#### [Exercise aim]
The listing is to be printed word for word, pictures omitted.

#### [Data]
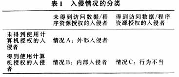一般来说,外部入侵者的首要工作是进入系统。所外人,也可能是合法用户,但违规使用了未经授权的资源。另一方面,除了拒绝服务攻击外,多数攻击都需要入侵者取得用户身份。Anderson更进一步把入侵情况按表1所示分类。
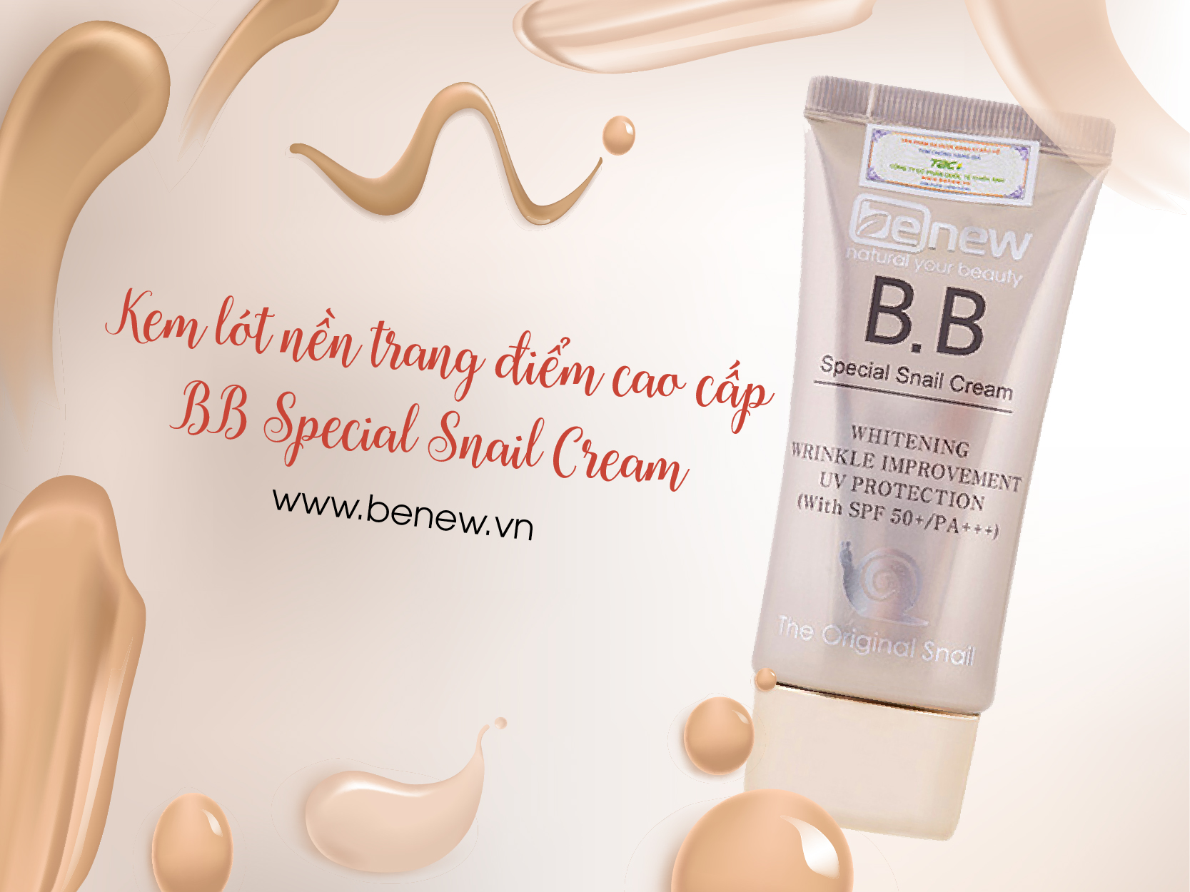 BB Benew Special Snail Cream là sự kết hợp hoàn hảo giữa kem dưỡng và kem nền trang điểm. Không chỉ có khả năng che phủ tốt, sản phẩm còn hoàn thành nhiệm vụ nuôi dưỡng làn da một cách hiệu quả.
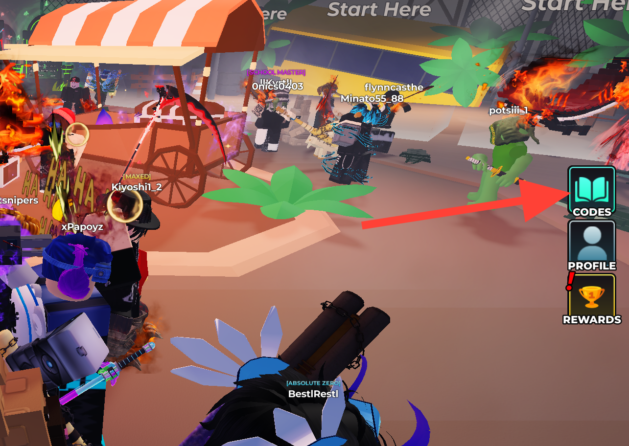 Step 2: Click the “Codes” button on the right side of the screen to open the redemption window.
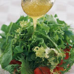 В небольшой мисочке с помощью вилки взбейте лимонный сок с солью и перцем. Продолжая взбивать, влейте оливковое масло. К полученной смеси можно по вкусу добавить немного сладкой горчицы. Эта заправка прекрасно подойдет для любых зеленых салатов.
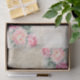Hermosos rosas acuáticos en tonos rosa, melocotón y melocotón, emparejados con la antigua Torre Eiffel en Sepia, en París, con un fondo de color crema crudo con un suave damasco vintage para hacer este papel de tejido de temática francesa para envolver o artesanía de regalo y desacoplar.
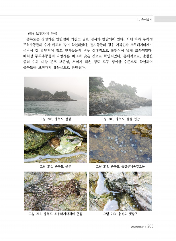 Ⅱ. 조사결과 www.nie.re.kr ? 203 라 보전가치 등급 충복도는 경성기질 암반질이 거칠고 급한 경사가 발달되어 있다. 이에 따라 부착성 무척추동물의 수가 비교적 많이 확인되었다. 절지동물의 경우 거북손과 조무래기따개비 군락이 잘 발달되어 있고 연체동물의 경우 상대적으로 출현상이 낮게 조사되었다. 배회성 무척추동물의 다양성은 비교적 낮은 것으로 확인되었다. 총체적으로, 출현한 종의 수와 대상 분포 보존성, 서식지 훼손 정도 모두 평이한 수준으로 확인되어 충복도는 보전가치 Ⅱ등급으로 판단된다. 그림 208. 충복도 전경 그림 209. 충복도 경성 연안 그림 210. 충복도 군부 그림 211. 충복도 좁쌀무늬총알고둥 그림 212. 충복도 조무래기따개비 군집 그림 213. 충복도갯강구
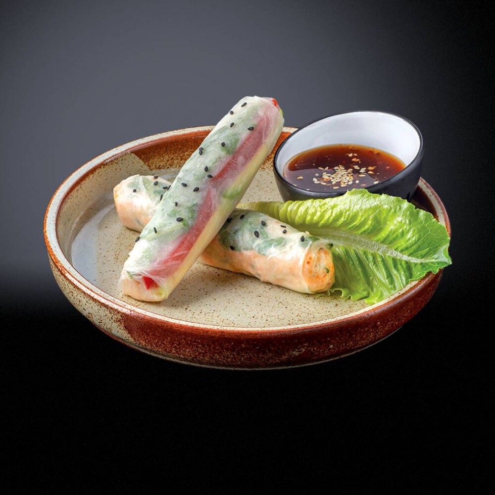 Ролл "Калифорния" в рисовой бумаге , с рукколой, овощами, крабовым мясом и тигровыми креветками. Сервируется с вьетнамским соусом.
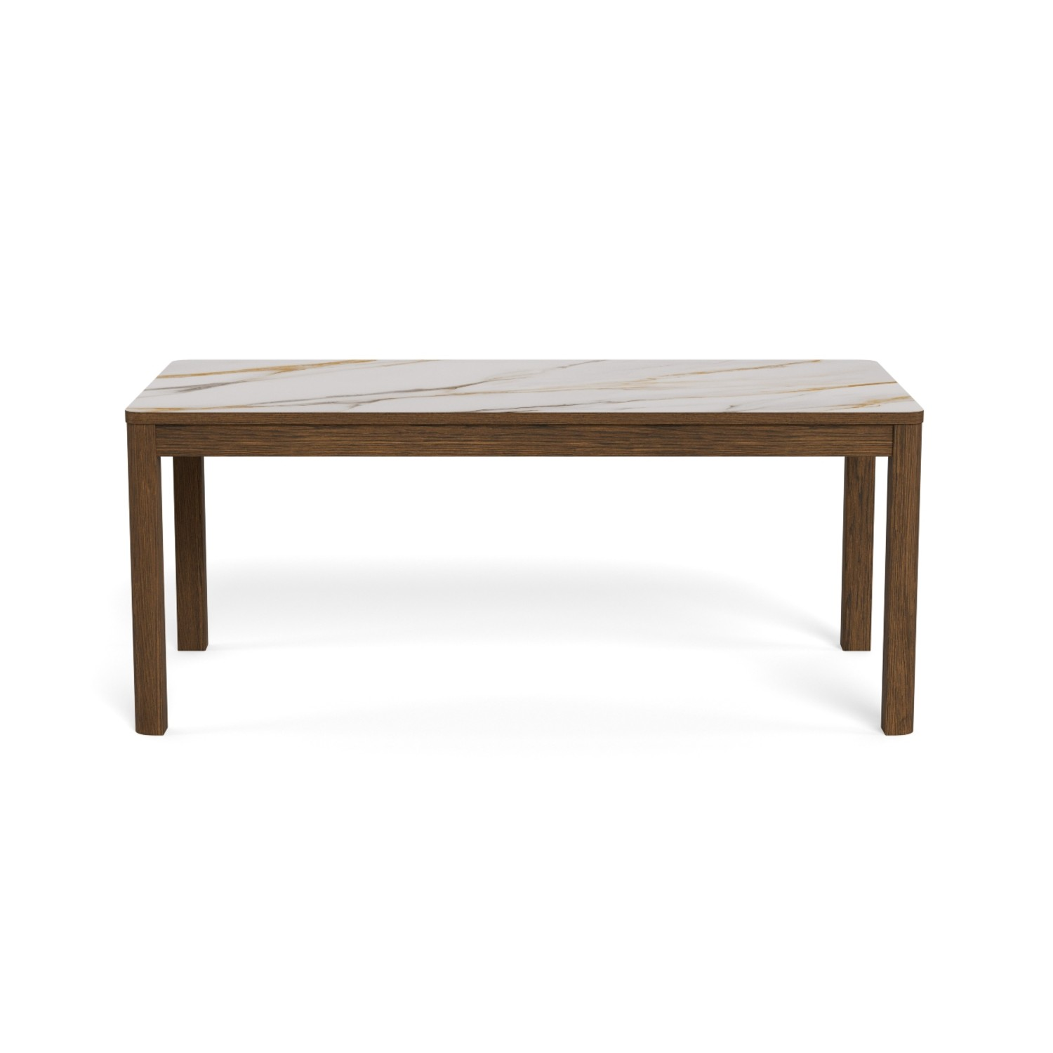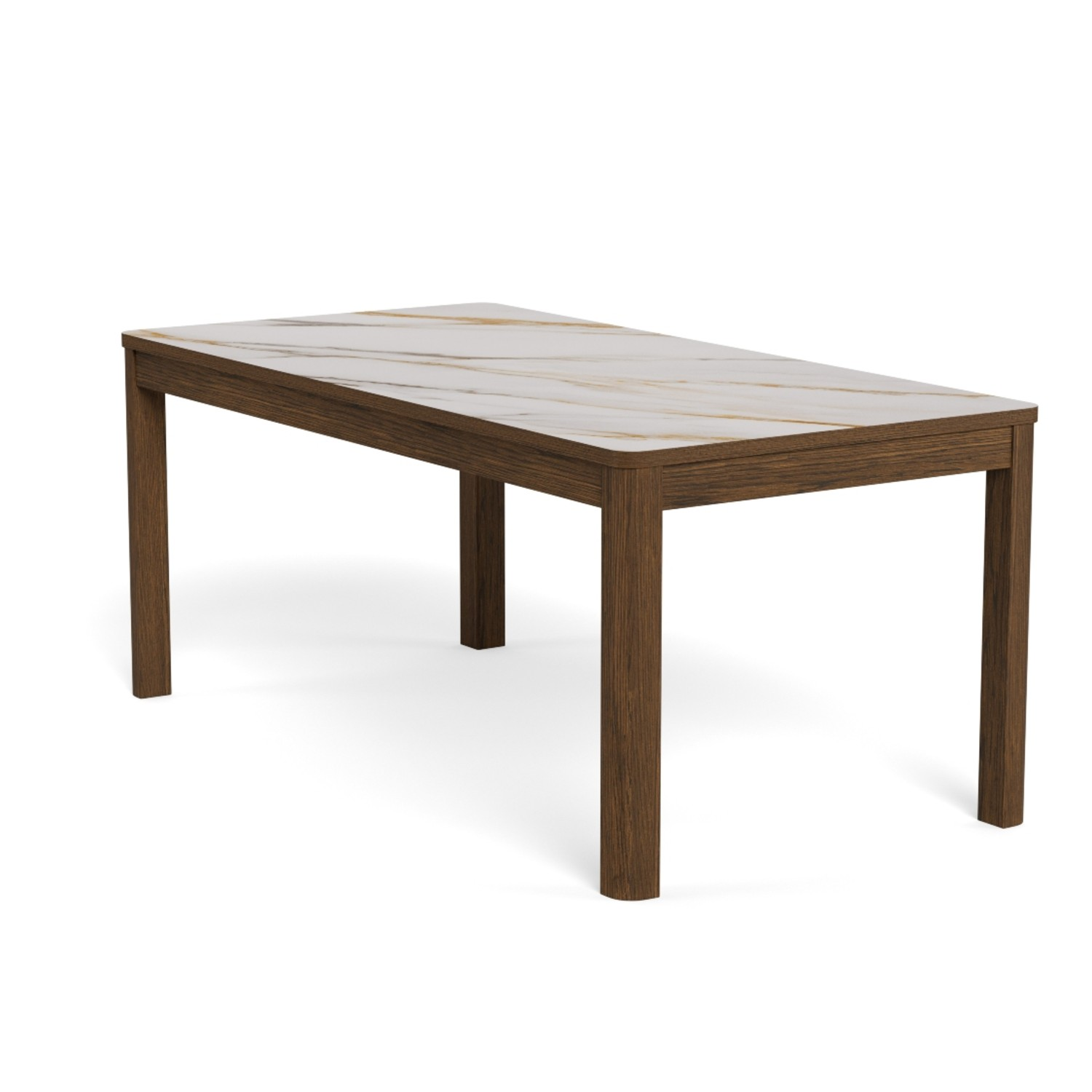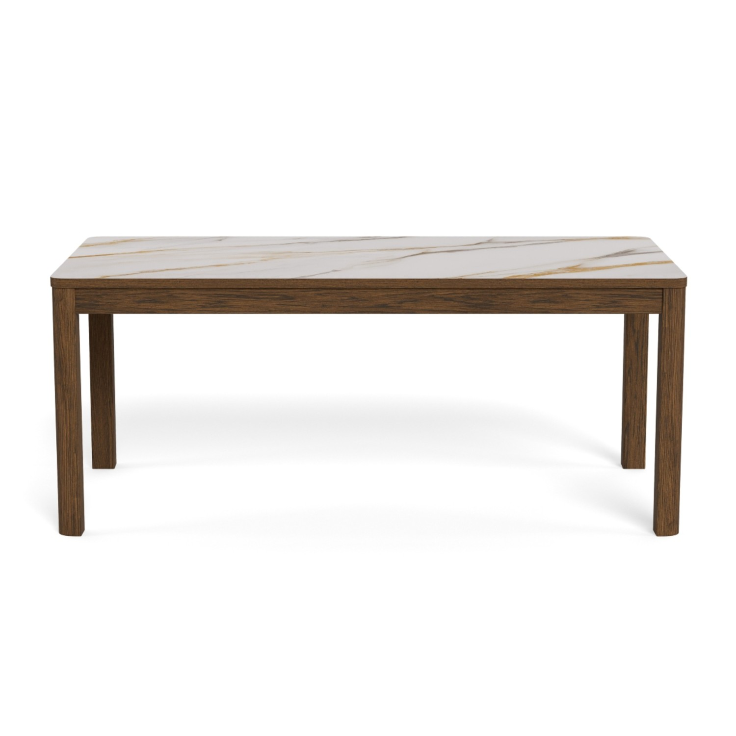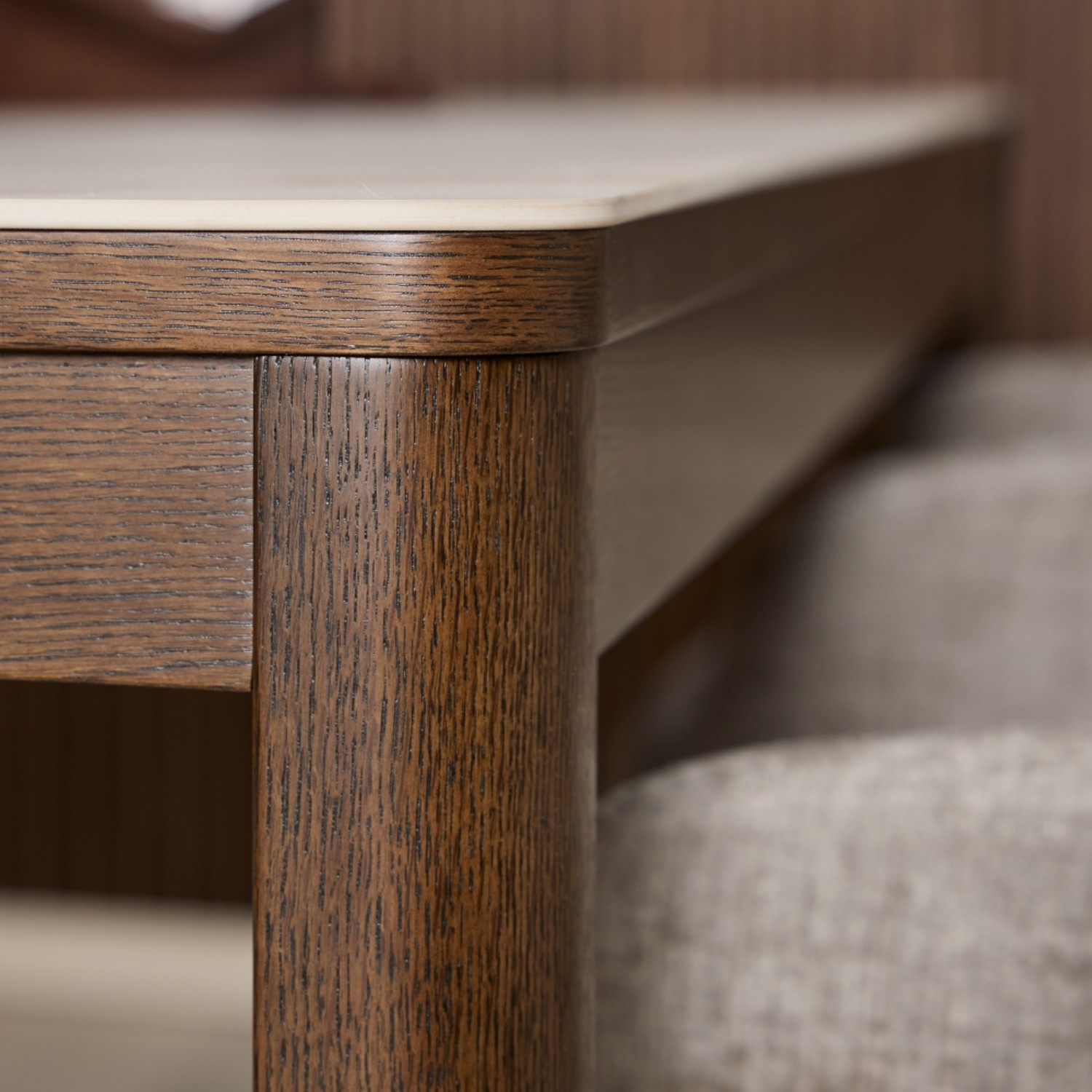 Blatul dreptunghiular, realizat din ceramică rezistentă la căldură, zgârieturi și pete, este ușor de întreținut și își păstrează aspectul impecabil în timp. Picioarele pătrate, robuste, din furnir de stejar afumat lăcuit, oferă stabilitate și un accent natural, echilibrând perfect rafinamentul ceramicii cu căldura lemnului.

#### [Your solution]
一般来说,外部入侵者的首要工作是进入系统。所外人,也可能是合法用户,但违规使用了未经授权的资源。另一方面,除了拒绝服务攻击外,多数攻击都需要入侵者取得用户身份。Anderson更进一步把入侵情况按表1所示分类。
 BB Benew Special Snail Cream là sự kết hợp hoàn hảo giữa kem dưỡng và kem nền trang điểm. Không chỉ có khả năng che phủ tốt, sản phẩm còn hoàn thành nhiệm vụ nuôi dưỡng làn da một cách hiệu quả.
 Step 2: Click the “Codes” button on the right side of the screen to open the redemption window.
 В небольшой мисочке с помощью вилки взбейте лимонный сок с солью и перцем. Продолжая взбивать, влейте оливковое масло. К полученной смеси можно по вкусу добавить немного сладкой горчицы. Эта заправка прекрасно подойдет для любых зеленых салатов.
Hermosos rosas acuáticos en tonos rosa, melocotón y melocotón, emparejados con la antigua Torre Eiffel en Sepia, en París, con un fondo de color crema crudo con un suave damasco vintage para hacer este papel de tejido de temática francesa para envolver o artesanía de regalo y desacoplar.
 Ⅱ. 조사결과 www.nie.re.kr ? 203 라 보전가치 등급 충복도는 경성기질 암반질이 거칠고 급한 경사가 발달되어 있다. 이에 따라 부착성 무척추동물의 수가 비교적 많이 확인되었다. 절지동물의 경우 거북손과 조무래기따개비 군락이 잘 발달되어 있고 연체동물의 경우 상대적으로 출현상이 낮게 조사되었다. 배회성 무척추동물의 다양성은 비교적 낮은 것으로 확인되었다. 총체적으로, 출현한 종의 수와 대상 분포 보존성, 서식지 훼손 정도 모두 평이한 수준으로 확인되어 충복도는 보전가치 Ⅱ등급으로 판단된다. 그림 208. 충복도 전경 그림 209. 충복도 경성 연안 그림 210. 충복도 군부 그림 211. 충복도 좁쌀무늬총알고둥 그림 212. 충복도 조무래기따개비 군집 그림 213. 충복도갯강구
 Ролл "Калифорния" в рисовой бумаге , с рукколой, овощами, крабовым мясом и тигровыми креветками. Сервируется с вьетнамским соусом.
 Blatul dreptunghiular, realizat din ceramică rezistentă la căldură, zgârieturi și pete, este ușor de întreținut și își păstrează aspectul impecabil în timp. Picioarele pătrate, robuste, din furnir de stejar afumat lăcuit, oferă stabilitate și un accent natural, echilibrând perfect rafinamentul ceramicii cu căldura lemnului.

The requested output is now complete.